▸ What you will do: Leave the pictures out, and transcribe the material below exactly from the line with "Designed exclusively by" to the line with "Last move : 1-0", both lines included.

▸ Supplied information:
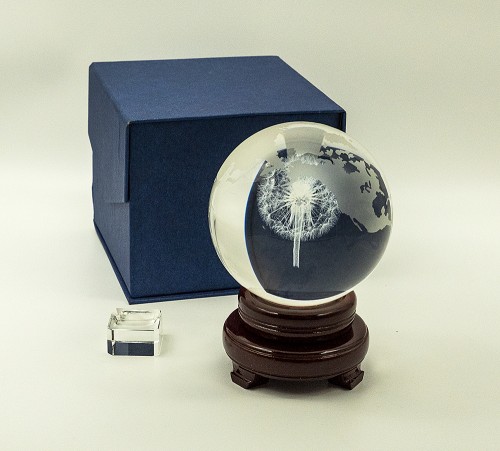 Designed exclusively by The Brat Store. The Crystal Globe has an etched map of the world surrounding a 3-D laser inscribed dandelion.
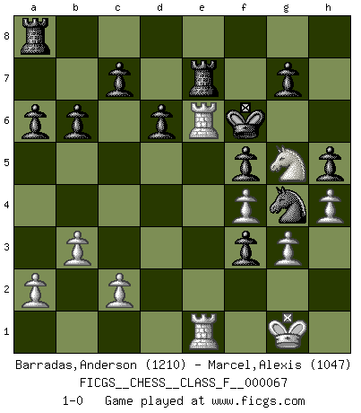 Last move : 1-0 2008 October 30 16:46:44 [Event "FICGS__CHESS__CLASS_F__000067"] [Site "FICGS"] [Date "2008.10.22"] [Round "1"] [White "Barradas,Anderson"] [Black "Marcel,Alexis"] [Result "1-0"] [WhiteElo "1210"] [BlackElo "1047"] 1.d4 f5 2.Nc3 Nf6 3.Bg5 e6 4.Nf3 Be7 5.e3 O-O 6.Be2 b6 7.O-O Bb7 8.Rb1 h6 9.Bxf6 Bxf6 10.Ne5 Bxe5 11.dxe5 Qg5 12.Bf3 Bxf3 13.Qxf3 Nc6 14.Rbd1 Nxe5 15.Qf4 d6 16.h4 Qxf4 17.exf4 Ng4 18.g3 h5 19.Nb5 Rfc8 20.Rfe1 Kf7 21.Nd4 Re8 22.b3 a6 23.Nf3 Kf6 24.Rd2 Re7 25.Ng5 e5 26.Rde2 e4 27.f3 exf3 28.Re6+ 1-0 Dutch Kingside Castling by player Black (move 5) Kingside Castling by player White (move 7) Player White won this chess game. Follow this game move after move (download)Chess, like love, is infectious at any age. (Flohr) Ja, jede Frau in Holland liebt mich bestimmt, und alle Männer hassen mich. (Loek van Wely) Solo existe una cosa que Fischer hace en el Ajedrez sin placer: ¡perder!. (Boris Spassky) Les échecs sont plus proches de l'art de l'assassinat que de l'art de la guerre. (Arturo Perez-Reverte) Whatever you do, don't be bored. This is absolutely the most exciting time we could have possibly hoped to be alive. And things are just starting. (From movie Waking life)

---

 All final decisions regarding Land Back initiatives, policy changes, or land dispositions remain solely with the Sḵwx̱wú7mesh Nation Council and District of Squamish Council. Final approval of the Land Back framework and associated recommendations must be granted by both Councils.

* * *

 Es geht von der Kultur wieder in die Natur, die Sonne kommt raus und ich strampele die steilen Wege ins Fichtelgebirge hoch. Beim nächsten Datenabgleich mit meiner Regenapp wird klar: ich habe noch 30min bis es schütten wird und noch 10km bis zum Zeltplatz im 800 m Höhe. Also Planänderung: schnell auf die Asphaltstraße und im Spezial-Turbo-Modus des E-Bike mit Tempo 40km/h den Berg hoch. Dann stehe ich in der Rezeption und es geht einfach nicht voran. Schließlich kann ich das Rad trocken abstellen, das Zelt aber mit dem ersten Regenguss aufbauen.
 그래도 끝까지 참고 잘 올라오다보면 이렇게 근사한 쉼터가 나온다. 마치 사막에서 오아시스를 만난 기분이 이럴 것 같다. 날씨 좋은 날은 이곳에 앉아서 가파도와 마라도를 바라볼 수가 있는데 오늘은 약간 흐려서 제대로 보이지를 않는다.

▸ Your solution:
 Designed exclusively by The Brat Store. The Crystal Globe has an etched map of the world surrounding a 3-D laser inscribed dandelion.
 Last move : 1-0 2008 October 30 16:46:44 [Event "FICGS__CHESS__CLASS_F__000067"] [Site "FICGS"] [Date "2008.10.22"] [Round "1"] [White "Barradas,Anderson"] [Black "Marcel,Alexis"] [Result "1-0"] [WhiteElo "1210"] [BlackElo "1047"] 1.d4 f5 2.Nc3 Nf6 3.Bg5 e6 4.Nf3 Be7 5.e3 O-O 6.Be2 b6 7.O-O Bb7 8.Rb1 h6 9.Bxf6 Bxf6 10.Ne5 Bxe5 11.dxe5 Qg5 12.Bf3 Bxf3 13.Qxf3 Nc6 14.Rbd1 Nxe5 15.Qf4 d6 16.h4 Qxf4 17.exf4 Ng4 18.g3 h5 19.Nb5 Rfc8 20.Rfe1 Kf7 21.Nd4 Re8 22.b3 a6 23.Nf3 Kf6 24.Rd2 Re7 25.Ng5 e5 26.Rde2 e4 27.f3 exf3 28.Re6+ 1-0 Dutch Kingside Castling by player Black (move 5) Kingside Castling by player White (move 7) Player White won this chess game. Follow this game move after move (download)Chess, like love, is infectious at any age. (Flohr) Ja, jede Frau in Holland liebt mich bestimmt, und alle Männer hassen mich. (Loek van Wely) Solo existe una cosa que Fischer hace en el Ajedrez sin placer: ¡perder!. (Boris Spassky) Les échecs sont plus proches de l'art de l'assassinat que de l'art de la guerre. (Arturo Perez-Reverte) Whatever you do, don't be bored. This is absolutely the most exciting time we could have possibly hoped to be alive. And things are just starting. (From movie Waking life)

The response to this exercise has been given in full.